TASK STATEMENT:
Only the text of the records, copied exactly, is wanted; no pictures.

- Opening Delimiter -

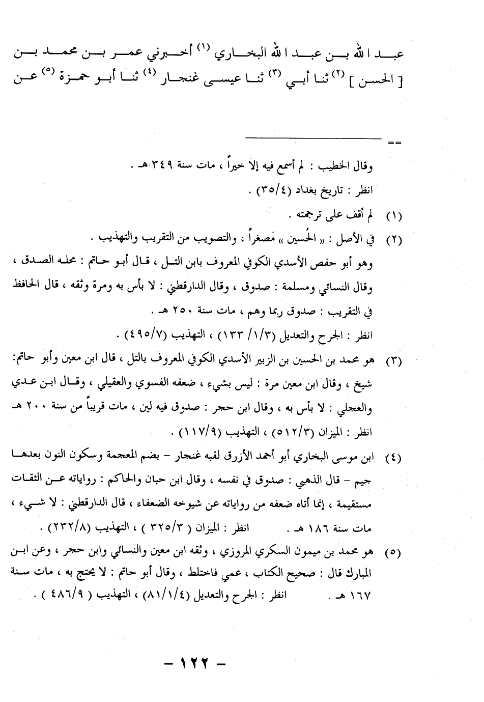 عَبْدُ اللَّهِ بْنُ عَبْدِ اللَّهِ الْبُخَارِيُّ1 أَخْبَرَنِي عُمَرُ بْنُ مُحَمَّدِ بْنِ [الْحَسَنِ] 2 ثنا أَبِي3 ثنا عِيسَى غُنْجَارُ4 ثنا أَبُو حَمْزَةَ5 عَنْ
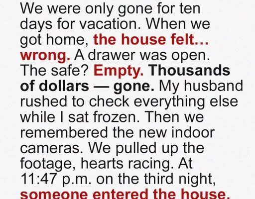 We were only gone for ten days on vacation, but the moment we stepped inside, something felt unsettling. A drawer was left open, items were scattered, and the safe we trusted was completely empty. Thousands of dollars in savings we had built over years were gone. My husband hurried to check the rest of…
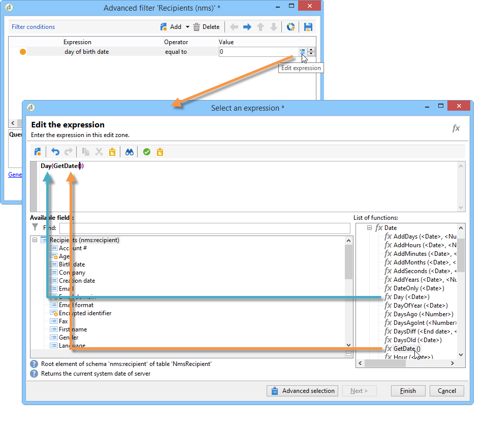 사용 가능한 필드 목록에서 두 번 클릭합니다 Birth date. 그러면 편집기의 위쪽 섹션에 다음 수식이 표시됩니다.
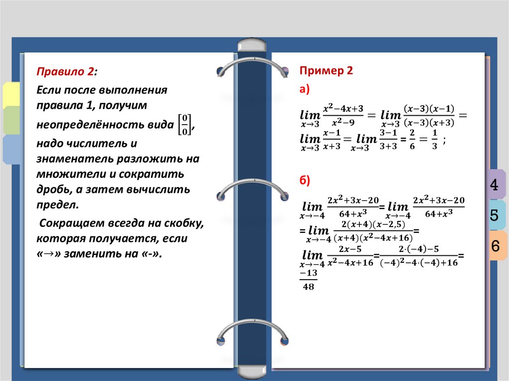 Правила вычисления пределов:
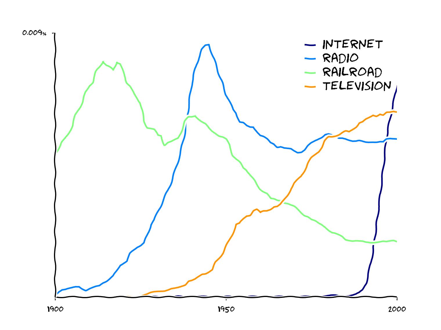 python getngrams.py railroad,radio,television,internet -startYear=1900 -endYear=2000 -caseInsensitiveThe first way to create a plot is to use the supplied xkcd.py script to generate awesome XKCD style charts. However, there are two ways to use the script:
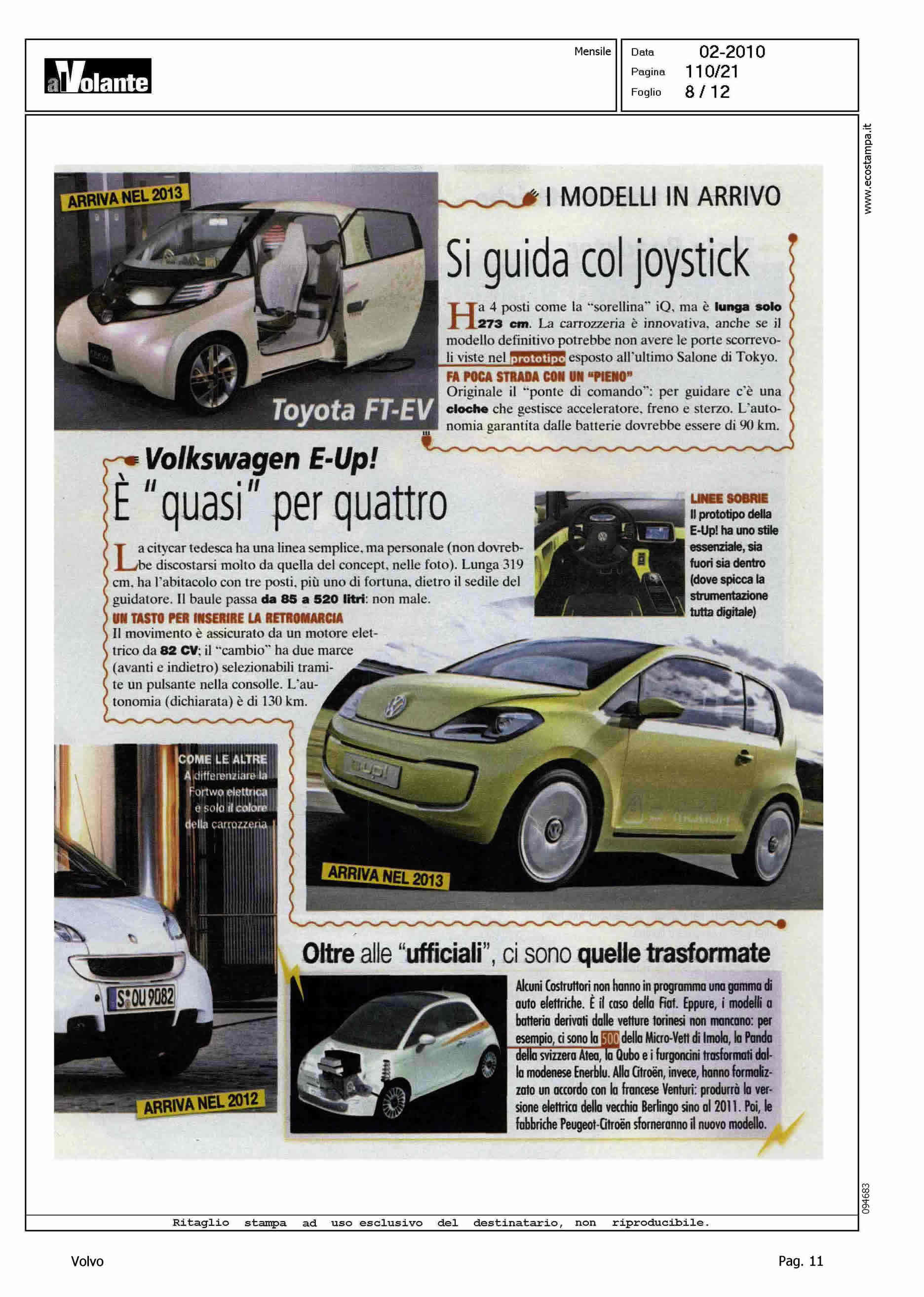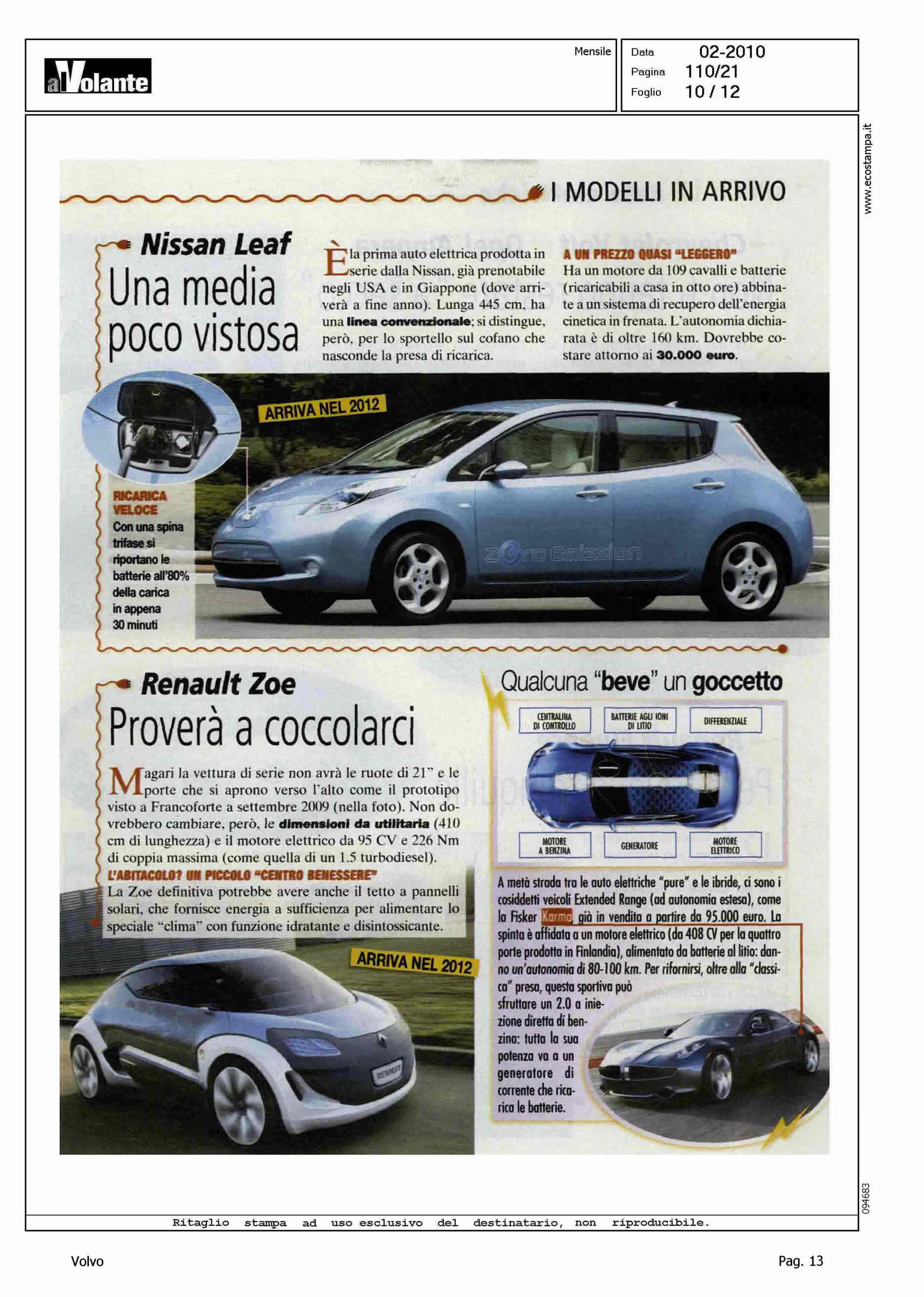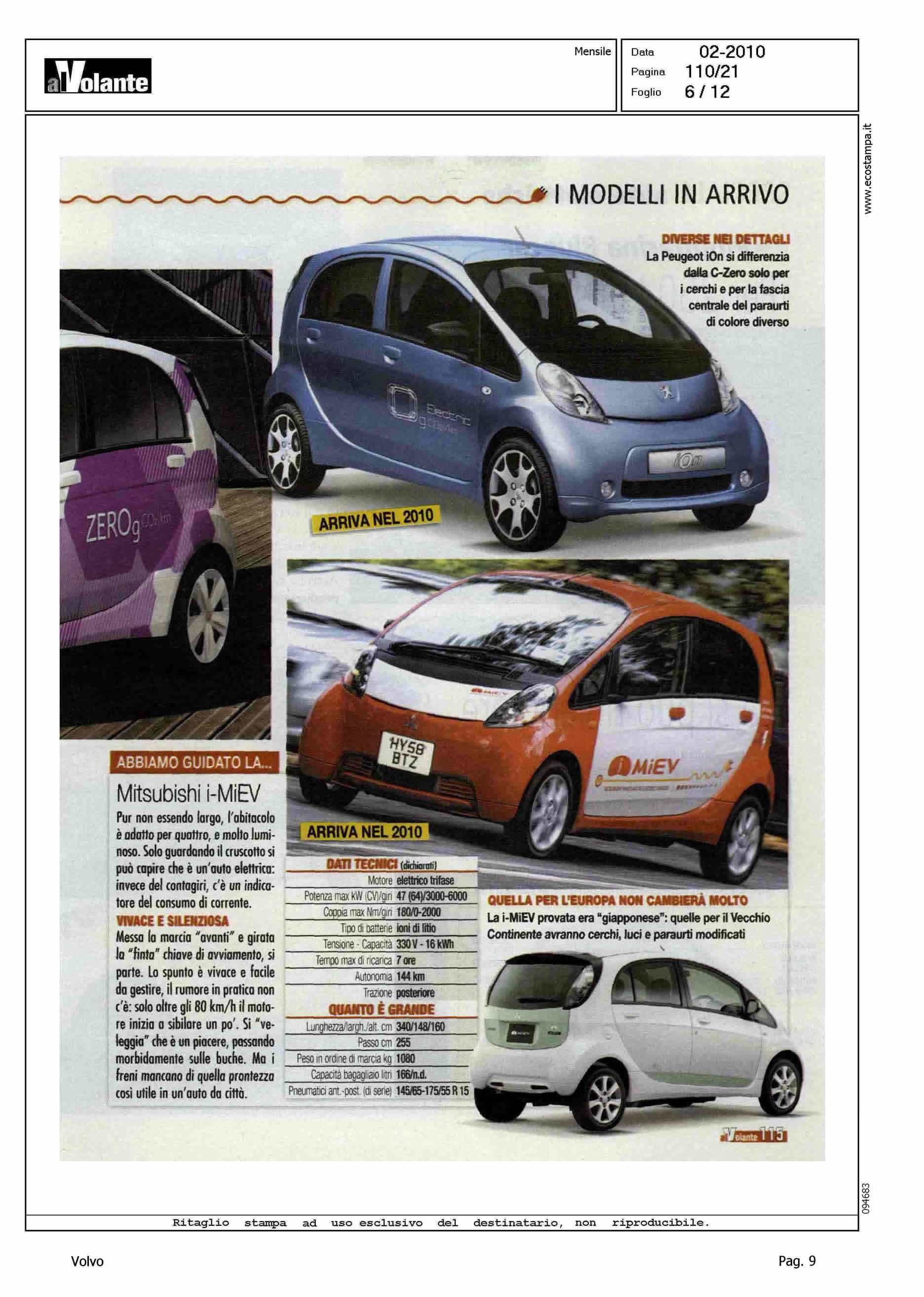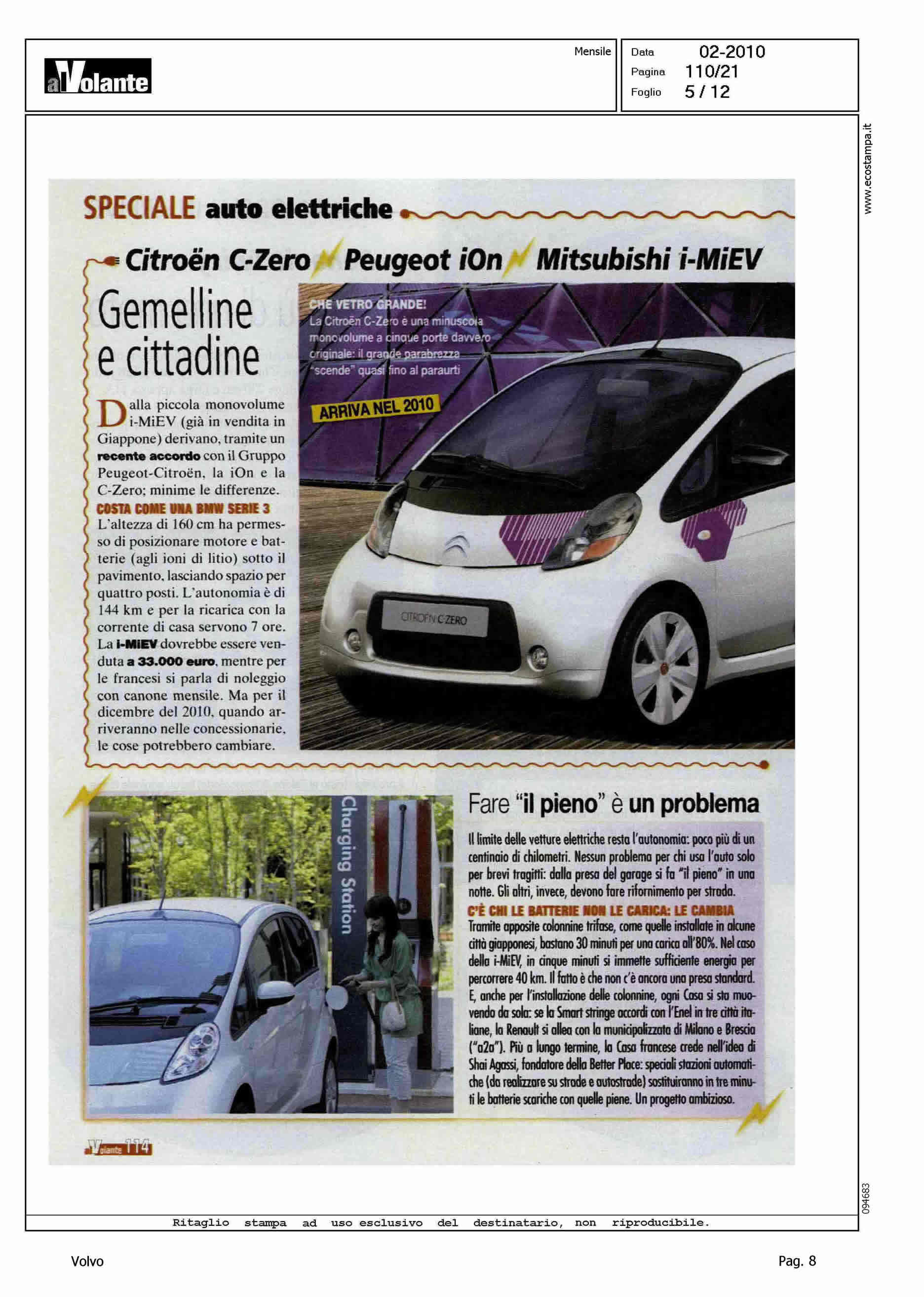 Author: Line: Corporate Model: Volvo C30 Subject: - Title: L'ADDIO AL PETROLIO PARTIRA' DA LORO - (DAL NORD ALL'ORIENTE)Highlight: CITAZIONE PROGETTO SVILUPPO C30 ELETTRICA IN SVEZIA
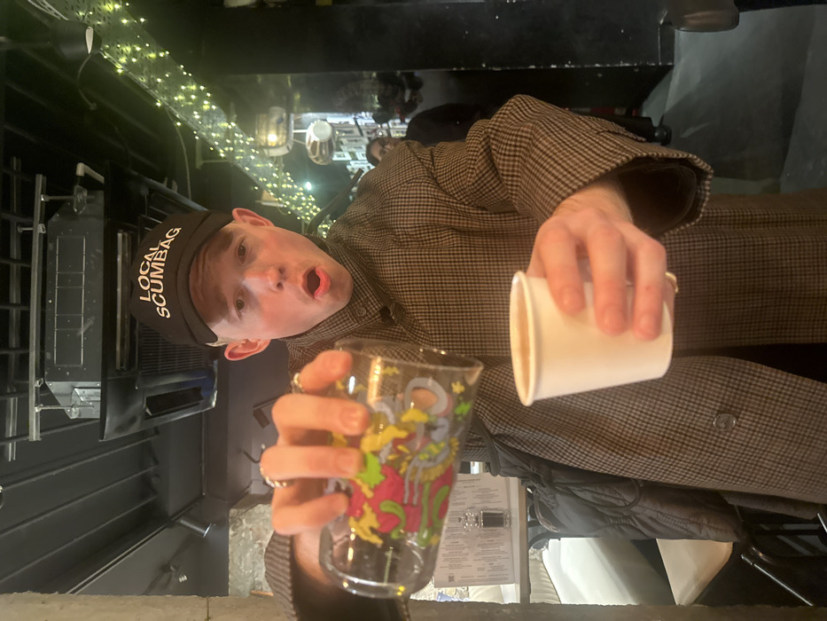 A man wearing a black cap labeled "LOCAL SCUMBAG" and a brown plaid coat poses while pouring the contents of a white paper cup into a glass

- Closing Delimiter -

EXERCISE RESPONSE:
 عَبْدُ اللَّهِ بْنُ عَبْدِ اللَّهِ الْبُخَارِيُّ1 أَخْبَرَنِي عُمَرُ بْنُ مُحَمَّدِ بْنِ [الْحَسَنِ] 2 ثنا أَبِي3 ثنا عِيسَى غُنْجَارُ4 ثنا أَبُو حَمْزَةَ5 عَنْ
 We were only gone for ten days on vacation, but the moment we stepped inside, something felt unsettling. A drawer was left open, items were scattered, and the safe we trusted was completely empty. Thousands of dollars in savings we had built over years were gone. My husband hurried to check the rest of…
 사용 가능한 필드 목록에서 두 번 클릭합니다 Birth date. 그러면 편집기의 위쪽 섹션에 다음 수식이 표시됩니다.
 Правила вычисления пределов:
 python getngrams.py railroad,radio,television,internet -startYear=1900 -endYear=2000 -caseInsensitiveThe first way to create a plot is to use the supplied xkcd.py script to generate awesome XKCD style charts. However, there are two ways to use the script:
 Author: Line: Corporate Model: Volvo C30 Subject: - Title: L'ADDIO AL PETROLIO PARTIRA' DA LORO - (DAL NORD ALL'ORIENTE)Highlight: CITAZIONE PROGETTO SVILUPPO C30 ELETTRICA IN SVEZIA
 A man wearing a black cap labeled "LOCAL SCUMBAG" and a brown plaid coat poses while pouring the contents of a white paper cup into a glass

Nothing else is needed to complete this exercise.